Import required libraries

In [0]:
from sklearn.linear_model import LogisticRegression
from sklearn.svm import SVC
from sklearn.ensemble import RandomForestClassifier
import numpy as np
from sklearn.datasets import load_digits

In [5]:
digits = load_digits()
dir(digits)

['DESCR', 'data', 'images', 'target', 'target_names']

## Understanding the digits dataset
1. digits.DESCR > Description of the dataset
2. digits.data > Contains 1797 training example. Since each image is 8x8 digts, 64 pixel is the size of each example
3. digits.target > Contains target value for each training examples, so it conatins 1797 y labels
4. digits.target_names > Contains name for each target since we have 10 possible classes it conatins 10 names only

* Here digits.data is out independent/inputs/ X variables
* And digits.target is out dependent/target/y varaibale

## Lets split the data

In [15]:
from sklearn.model_selection import train_test_split

X_train,X_test,y_train,y_test = train_test_split(digits.data,digits.target,test_size=0.3)

print("len of X_train is %s" % (len(X_train)))
print("len of X_test is %s" % (len(X_test)))
print("len of y_train is %s" % (len(y_train)))
print("len of y_test is %s" % (len(y_test)))

len of X_train is 1257
len of X_test is 540
len of y_train is 1257
len of y_test is 540


## Lets test using LogisticRegression

In [23]:
model_lr = LogisticRegression(solver='liblinear') 
model_lr.fit(X_train,y_train)
model_lr.score(X_test,y_test)
#Note above we are using 'liblinear' insated of default 'lbfgs'. SInce 'lbfgs' failed to converge

0.9703703703703703

## Test using SVM model

In [24]:
model_svm = SVC()
model_svm.fit(X_train,y_train)
model_svm.score(X_test,y_test)

0.9925925925925926

## Test using RandomForest Algorithm

In [26]:
model_rf = RandomForestClassifier()
model_rf.fit(X_train, y_train)
model_rf.score(X_test,y_test)

0.975925925925926

# Using K Fold Cross Validation

Basic Example....

In [0]:
from sklearn.model_selection import KFold

kf = KFold(n_splits = 3) # Here K = 3
kf

In [29]:
for train_index, test_index in kf.split([1,2,3,4,5,6,7,8,9]):
  print(train_index,test_index)

[3 4 5 6 7 8] [0 1 2]
[0 1 2 6 7 8] [3 4 5]
[0 1 2 3 4 5] [6 7 8]


Note above we are using [1,2,3,4,5,6,7,8,9] as sample dataset.
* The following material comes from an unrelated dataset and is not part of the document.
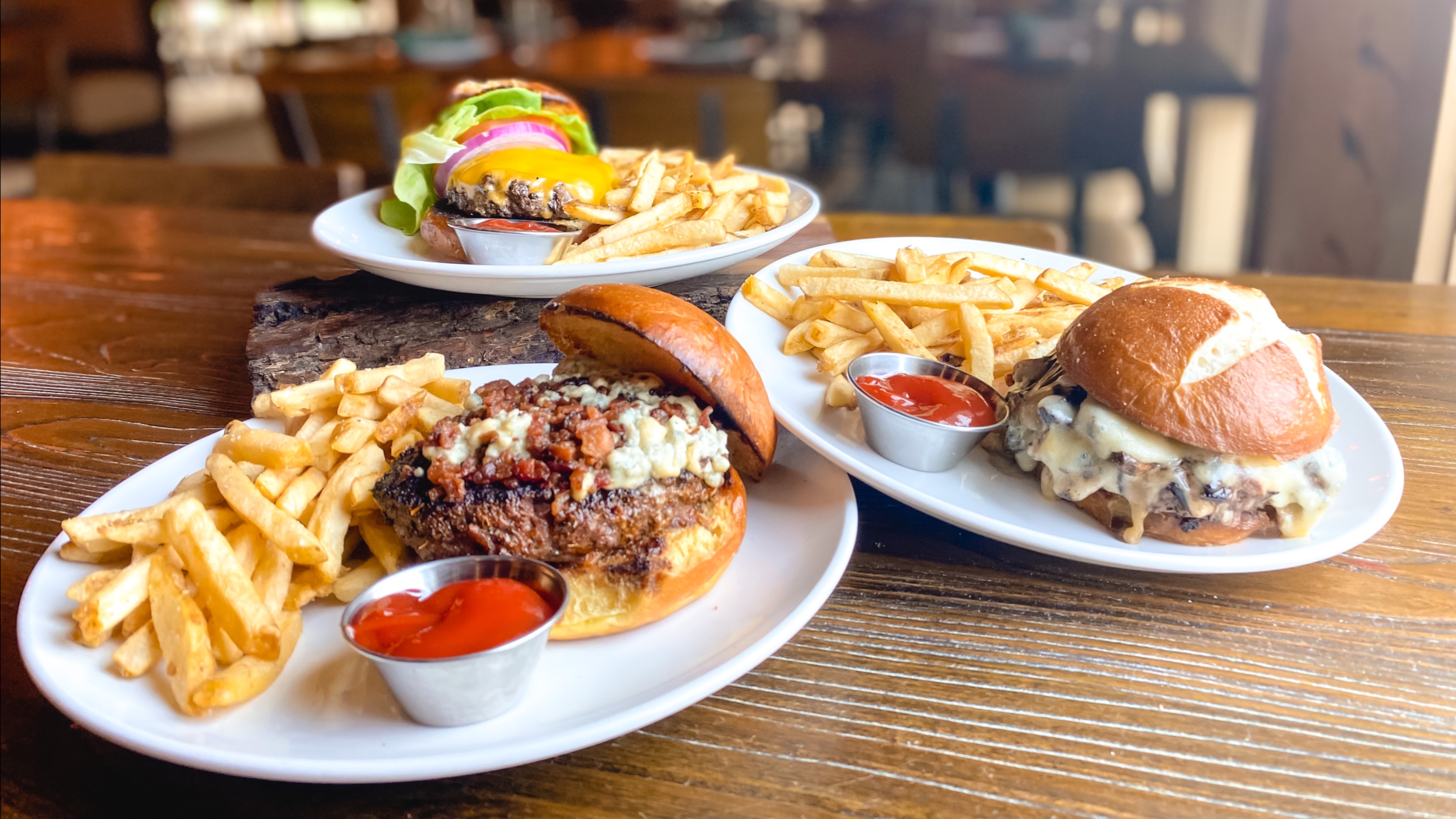 sautéed foraged mushrooms • swiss cheese • pretzel bun • garlic aioli • pines cut fries

Observe the values of train and test index


## Now lets use K Fold on our digits dataset



In [0]:
# Finction to get the score for a model
def get_score(model, X_train, X_test, y_train, y_test):
  model.fit(X_train,y_train)
  return model.score(X_test,y_test)

In [48]:
from sklearn.model_selection import StratifiedKFold

folds = StratifiedKFold(n_splits = 3) # means K = 3

# Store the score for each model
score_lr = []
score_svm = []
score_rf = []

# Since K = 3 , for loop will run for 3 iterations
for train_index, test_index in folds.split(digits.data, digits.target):
  X_train, X_test, y_train, y_test = digits.data[train_index], digits.data[test_index], digits.target[train_index], digits.target[test_index]

  score_lr.append(get_score(LogisticRegression(solver='liblinear') , X_train, X_test, y_train, y_test))
  score_svm.append(get_score(SVC() , X_train, X_test, y_train, y_test))
  score_rf.append(get_score(RandomForestClassifier() , X_train, X_test, y_train, y_test))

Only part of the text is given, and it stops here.